高校生になると、勉強、人間関係、生活リズムなどさまざまな場面で悩みが増え、「自分だけ周りと違う気がする」「もしかして発達障害なのでは」と感じることがあります。自分の特性を知りたいと思うことは、自分自身を理解するための大切な一歩です。この記事では、発達障害について調べる方法や、診断を受ける流れ、周囲に相談する時のポイントについて解説します。
発達障害かもしれないと感じるきっかけ
発達障害には、注意力の特徴、コミュニケーションの特徴、感覚の感じ方など、さまざまな傾向があります。ただし、当てはまる特徴があるからといって必ず発達障害というわけではありません。
例えば、「忘れ物が多い」「集中が続きにくい」「予定変更が苦手」「人との会話で疲れやすい」といった悩みは、多くの人が経験することがあります。大切なのは、特徴の有無よりも、それによって日常生活で困りごとがあるかどうかです。

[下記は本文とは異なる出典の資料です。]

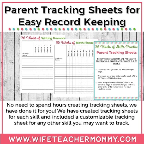 - Parent Tracking Sheets to help you effortlessly track your child’s progress
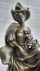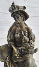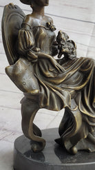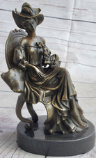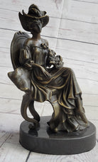 Signed Original Fisher Victorian Girl Holding Dog Bronze Sculpture Statue Decor
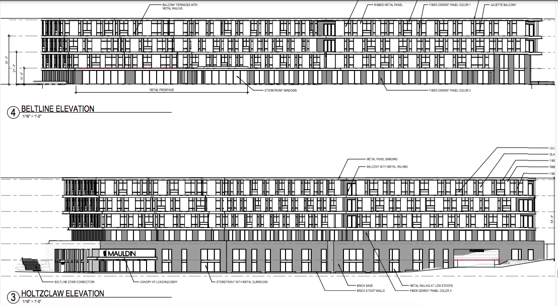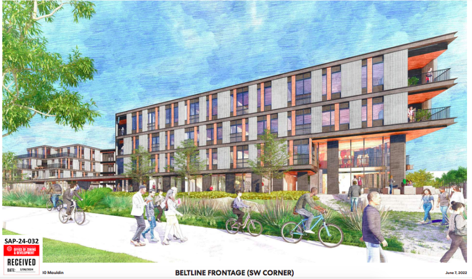 According to previous renderings, how the completed 930 Mauldin St. project would look to Beltline patrons, with retail spaces depicted at left. Perkins & Will; via City of Atlanta Office of Zoning and Development
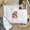 Custom Embroidered Mama Photo Portrait Hoodie with Kids Names on Sleeve Gifts for Mom Mother's Day Gift Ideas

高校生活では環境の変化やストレスによって、今まで気にならなかったことが強く感じられる場合もあります。そのため、自分を責めるのではなく、まずは自分の状態を整理することが大切です。
発達障害の診断は自分だけでできるものではない
インターネット上には発達障害のチェックリストや簡易診断がありますが、それだけで正式な診断をすることはできません。診断には、本人の困りごとやこれまでの成長過程、生活状況などを総合的に確認する必要があります。

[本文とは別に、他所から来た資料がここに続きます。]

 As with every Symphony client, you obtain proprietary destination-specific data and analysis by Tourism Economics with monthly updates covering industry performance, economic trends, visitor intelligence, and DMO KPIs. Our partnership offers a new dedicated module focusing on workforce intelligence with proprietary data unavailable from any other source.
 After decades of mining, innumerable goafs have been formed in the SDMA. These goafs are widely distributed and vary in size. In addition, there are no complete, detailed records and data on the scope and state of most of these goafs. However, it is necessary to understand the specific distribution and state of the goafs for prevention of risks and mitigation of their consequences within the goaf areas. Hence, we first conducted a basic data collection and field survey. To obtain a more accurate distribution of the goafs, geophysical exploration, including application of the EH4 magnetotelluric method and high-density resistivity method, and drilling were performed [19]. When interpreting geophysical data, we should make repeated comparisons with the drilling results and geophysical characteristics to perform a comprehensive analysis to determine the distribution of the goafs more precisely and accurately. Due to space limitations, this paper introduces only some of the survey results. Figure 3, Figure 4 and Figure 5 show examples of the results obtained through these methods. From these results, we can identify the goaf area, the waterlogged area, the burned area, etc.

医療機関では、医師や専門スタッフが本人の話を聞きながら、必要に応じて心理検査などを行います。その結果をもとに、特性や必要なサポートについて考えていきます。
「自分がおかしいから診断を受ける」という考えではなく、「自分の得意なことや苦手なことを知り、生活しやすくするために調べる」と考えることが大切です。
高校生が一人で発達障害について調べる方法
まずできることは、自分が困っていることを整理することです。例えば、学校生活、友人関係、家での生活などで困る場面をメモしておくと、自分の状態を客観的に見やすくなります。

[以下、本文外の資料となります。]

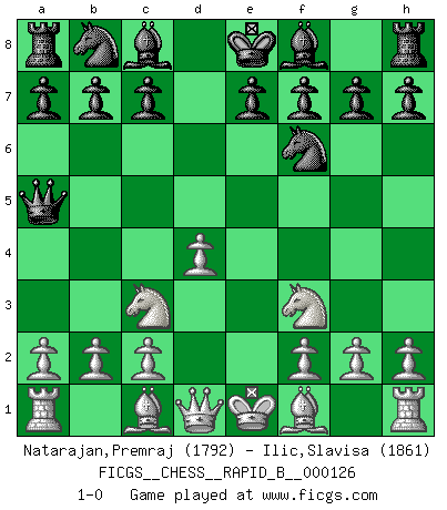 Last move : 1-0 2009 October 13 9:0:6 [Event "FICGS__CHESS__RAPID_B__000126"] [Site "FICGS"] [Date "2009.09.01"] [Round "1"] [White "Natarajan,Premraj"] [Black "Ilic,Slavisa"] [Result "1-0"] [WhiteElo "1792"] [BlackElo "1861"] 1.e4 d5 2.exd5 Qxd5 3.Nc3 Qa5 4.d4 Nf6 5.Nf3 1-0 This chess game has been lost on time (started : 2009.09.01 8:58:45) Scandinavian (centre counter) defense Player White won this chess game. Follow this game move after move (download)He who takes the Queen's Knight's Pawn will sleep in the streets. (Anonymous) Das ganze Leben mit einer Ehefrau ist wie ein Endspiel mit ungleichfarbigen Läufern. (Viktor Kortschnoi) Botvinnik trató de alejar el misterio referente al Ajedrez, siempre relacionandolo a situaciones de la vida diaria. Solía llamar al Ajedrez un problema inexacto típico, similar a aquellos en que la gente tiene siempre que resolver a cada día. (Garry Kasparov) Psychologiquement, tu dois avoir confiance en toi même, mais cette confiance doit être basée sur des faits. (Robert Fischer) No, I am still playing. (Anatoly Karpov)

具体的には、「授業中に集中できないことが多い」「人の話を聞き逃してしまう」「予定を立てるのが苦手」など、できるだけ具体的な状況を書き出すことが役立ちます。
また、発達障害について正しい情報を調べることも重要です。SNSやインターネットにはさまざまな情報がありますが、個人の経験だけで判断せず、医療機関や公的な情報も参考にしましょう。
親に知られずに相談や検査を受けたい場合
高校生の場合、医療機関を受診する際には年齢や地域によって保護者の同意や付き添いが必要になる場合があります。そのため、完全に一人だけで診断まで進めることが難しいケースもあります。
ただし、悩みを相談できる場所は医療機関だけではありません。学校のスクールカウンセラー、保健室の先生、地域の相談窓口など、まず話を聞いてもらえる場所もあります。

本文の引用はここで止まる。